Davidson inherited a similar situation with much of Stan Bowman’s work, moreso on the side of no movement clauses severely limiting his ability to trade certain players.
When it comes to trades, Yzerman has been aggressive but unwilling to give up high draft picks or prospects in deals. That may change if he swings a deal for DeBrincat, as he will be the first legitimate scoring threat Detroit has had in over a decade. While Larkin has put up 30+ goals in consecutive seasons, the Red Wings lack any real scoring threat outside of him. Tyler Bertuzzi was dealt away but aside from a 30-goal year, was hampered by injury. David Perron put up 24 goals and Dominik Kubalik had 20. Raymond dipped a bit in his sophomore season, but should be a consistent 20-goal scorer.
But in order to move forward, Yzerman has to acquire more scoring threats.
Measuring out the Timeline
The Red Wings are butting up against playoff conversation but need to secure DeBrincat or a scorer to be truly considered for a shot at it. There was improvement last season but they’re still a few scorers away from being a true threat.
But the Red Wings first missed the playoffs in 2017, began their teardown in 2019, and are finally now positioning themselves for a real chance at the playoffs.

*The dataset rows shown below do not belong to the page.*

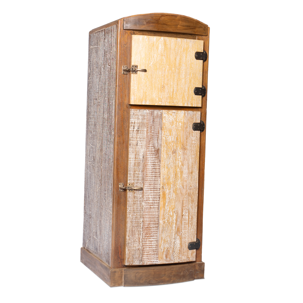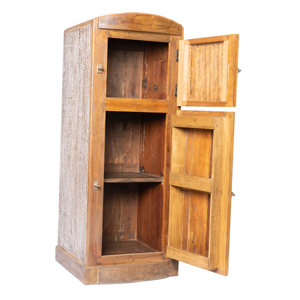 Credenza / Armadietto indonesiano con 2 ante "mod. vecchia ghiacciaia" in legno di teak recuperato dalle vecchie imbarcazioni finitura naturale#1125ID1890
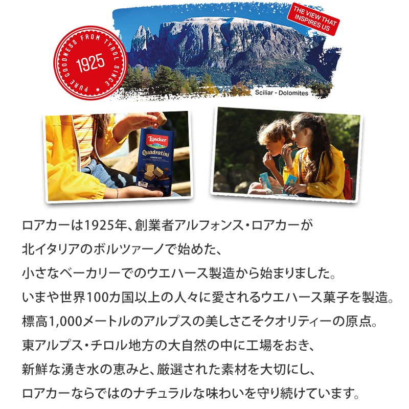 1925年イタリアで創業されたロアカーは、東アルプス・チロル地方の大自然の中に工場を置いており、ナチュラルな味わいを守り続けています。
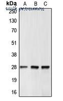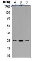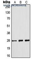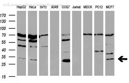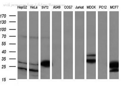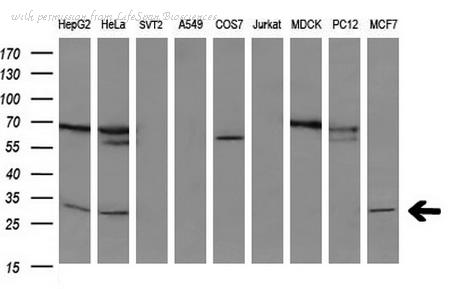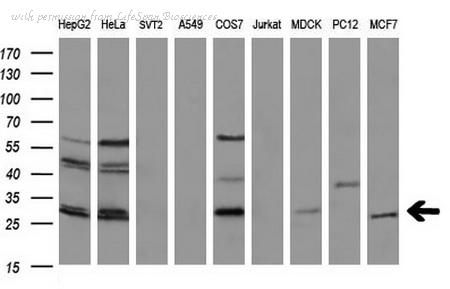 Western blot analysis of BCL2 expression in MCF7 (A); Raw264.7 (B); NIH3T3 (C) whole cell lysates.

Cumulatively, it’s taken them six seasons to get there, with two of those seasons being brutal lose-to-win-the-lottery chances. 2021-22 saw a step forward but a team with too many holes and last season was the first one that brought some excitement to Detroit.
Two Lessons for the Blackhawks from the Red Wings Rebuild
#1: Be thankful for lottery luck. The Red Wings, dating back to 2017 when they first qualified for a lottery shot, have either stayed even or fallen in every draft. That includes the 2020 one, where the league changed lottery rules as a result of the wailing over Detroit falling three spots after having a historically bad year. Yzerman literally started from scratch and didn’t have the fortune of Steven Stamkos and Victor Hedman as he did in Tampa Bay. Bedard speeds up the process significantly. Otherwise, the Blackhawks are likely in a very similar pattern.
#2: Patience is a virtue. Some fans questioned the moves when it came to veterans in the way of Nick Foligno, Taylor Hall, and Corey Perry. But Davidson is going the way of Yzerman: ice a team, bring in good quality veterans that can help both on and off the ice, and position oneself for another good crack at the lottery. Beyond that, be patient in the process and avoid taking short cuts.
In short, build well and right–the rest will take care of itself.